With an assault rifle slung over his shoulder and a glass of sweet tea in his hand, 15-year-old Farah Ismail was all smiles Friday at an outdoor cafe in Mogadishu, one of the most dangerous cities on earth.

A fighter for al-Shabab, a radical Islamic group at the heart of Somalia’s deadly insurgency, Ismail was clearly emboldened. His comrades advanced to within miles of Somalia’s capital in the last few days, seizing vast territory in recent weeks and vowing to use strict Muslim rules to bring their lawless Horn of Africa country under control.

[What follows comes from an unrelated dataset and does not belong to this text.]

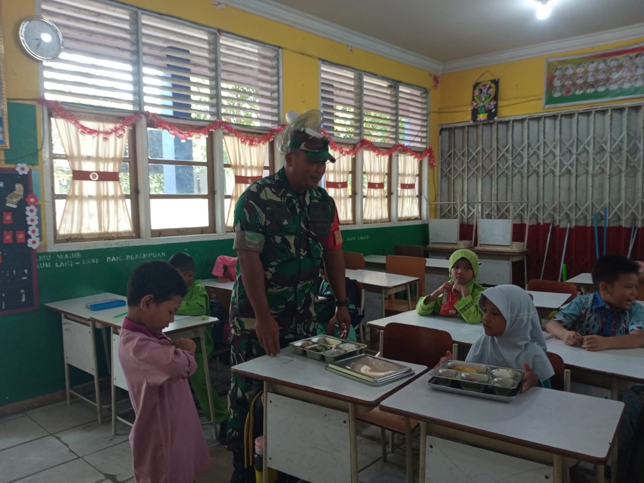 Babinsa Sertu M Fauzi Dampingi Pembagian Makanan Bergizi untuk Siswa SDN 100.

In a Tuesday Nov. 4, 2008 file photo, Somali militia of Al-Shabab ... 
In a Tuesday Nov. 4, 2008 file photo, Somali militia of Al-Shabab are seen during exercises at their military training camp outside Mogadishu. Islamic fighters now control most of southern and central Somalia, with the crucial exceptions of Mogadishu and Baidoa. Islamic fighters declared Thursday, Nov. 13, 2008, that they will use strict Muslim rules to bring their lawless Horn of Africa country back under control. (AP Photo, File)

“I am happy with how things are going here,” Ismail said, squinting under the dazzling sun in this once-beautiful seaside capital, which has crumbled into a scorched, bullet-pocked shantytown during Somalia’s 20 years of anarchy. “I can go freely anywhere I want and I can target my enemy by sight.”

The steady and seemingly uncontested rise of al-Shabab, which America considers a terrorist organization, exceeds the worst-case scenarios laid out in late 2006 when Somalia’s U.N.-backed government rolled into Mogadishu supported by powerful Ethiopian troops and drove out radical Islamists intent on ruling by strict Shariah law.

The past two years have been a bloodbath as the Islamic fighters launched a vicious, Iraq-style insurgency that has killed thousands of civilians and sent an estimated half of Mogadishu‘s 2 million people fleeing from near-daily roadside bombings and remote-controlled explosions. They have seized most of southern Somalia — advancing to within 10 miles of the capital Wednesday — allowing fighters like Ismail to roam the streets unhindered.